Could you reproduce, word for word, everything below from the line containing "Rabbi Shlomo Segelman, who" down to the line containing "American 1950s Lionel", with both of those lines included and no others?

**Exercise material:**
============

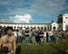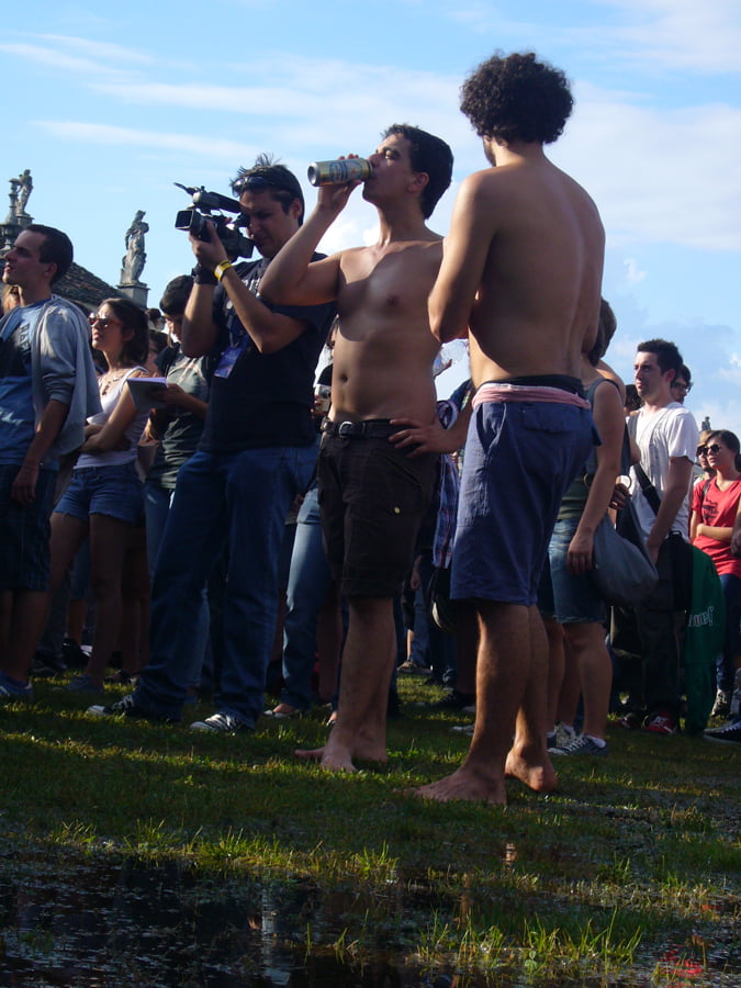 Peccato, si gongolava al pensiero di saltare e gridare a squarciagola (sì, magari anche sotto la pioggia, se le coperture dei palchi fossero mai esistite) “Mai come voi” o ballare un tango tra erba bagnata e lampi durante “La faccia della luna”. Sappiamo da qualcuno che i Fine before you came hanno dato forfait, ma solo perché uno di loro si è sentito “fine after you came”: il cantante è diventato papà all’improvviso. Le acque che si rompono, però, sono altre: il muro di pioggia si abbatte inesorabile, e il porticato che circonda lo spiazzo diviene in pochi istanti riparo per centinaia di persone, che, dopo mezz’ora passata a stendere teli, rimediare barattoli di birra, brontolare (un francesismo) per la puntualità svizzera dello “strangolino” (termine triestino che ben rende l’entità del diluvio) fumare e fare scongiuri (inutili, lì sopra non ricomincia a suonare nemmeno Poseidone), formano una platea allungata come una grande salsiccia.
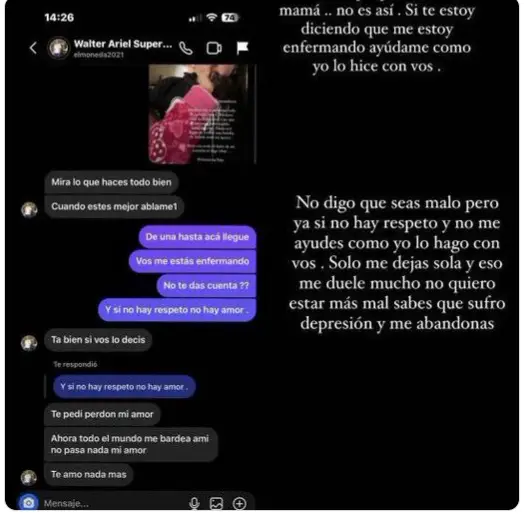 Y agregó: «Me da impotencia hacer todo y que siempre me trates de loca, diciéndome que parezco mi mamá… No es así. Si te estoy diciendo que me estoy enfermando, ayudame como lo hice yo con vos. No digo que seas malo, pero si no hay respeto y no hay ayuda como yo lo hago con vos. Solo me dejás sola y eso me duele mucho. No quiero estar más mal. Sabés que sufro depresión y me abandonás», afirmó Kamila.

============

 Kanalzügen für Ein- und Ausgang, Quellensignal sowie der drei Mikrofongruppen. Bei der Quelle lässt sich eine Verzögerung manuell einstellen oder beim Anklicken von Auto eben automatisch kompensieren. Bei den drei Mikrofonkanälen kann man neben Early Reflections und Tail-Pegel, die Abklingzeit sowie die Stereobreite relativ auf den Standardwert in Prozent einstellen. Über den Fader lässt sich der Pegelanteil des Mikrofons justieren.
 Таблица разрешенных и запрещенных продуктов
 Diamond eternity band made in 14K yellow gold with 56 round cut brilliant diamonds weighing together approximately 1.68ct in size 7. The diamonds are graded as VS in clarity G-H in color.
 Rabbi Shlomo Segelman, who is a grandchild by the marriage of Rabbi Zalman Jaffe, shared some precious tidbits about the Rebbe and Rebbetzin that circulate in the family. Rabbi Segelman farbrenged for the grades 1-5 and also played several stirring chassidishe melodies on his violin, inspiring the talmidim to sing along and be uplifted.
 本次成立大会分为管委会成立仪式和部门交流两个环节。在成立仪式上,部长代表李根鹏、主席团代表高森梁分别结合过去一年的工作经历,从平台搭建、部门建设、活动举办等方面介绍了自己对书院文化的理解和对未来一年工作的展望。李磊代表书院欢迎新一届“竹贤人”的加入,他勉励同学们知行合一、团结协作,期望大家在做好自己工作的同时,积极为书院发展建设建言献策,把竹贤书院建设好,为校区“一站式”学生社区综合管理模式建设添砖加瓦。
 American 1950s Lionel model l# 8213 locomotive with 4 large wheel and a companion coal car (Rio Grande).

============

**Your response:**
 Rabbi Shlomo Segelman, who is a grandchild by the marriage of Rabbi Zalman Jaffe, shared some precious tidbits about the Rebbe and Rebbetzin that circulate in the family. Rabbi Segelman farbrenged for the grades 1-5 and also played several stirring chassidishe melodies on his violin, inspiring the talmidim to sing along and be uplifted.
 本次成立大会分为管委会成立仪式和部门交流两个环节。在成立仪式上,部长代表李根鹏、主席团代表高森梁分别结合过去一年的工作经历,从平台搭建、部门建设、活动举办等方面介绍了自己对书院文化的理解和对未来一年工作的展望。李磊代表书院欢迎新一届“竹贤人”的加入,他勉励同学们知行合一、团结协作,期望大家在做好自己工作的同时,积极为书院发展建设建言献策,把竹贤书院建设好,为校区“一站式”学生社区综合管理模式建设添砖加瓦。
 American 1950s Lionel model l# 8213 locomotive with 4 large wheel and a companion coal car (Rio Grande).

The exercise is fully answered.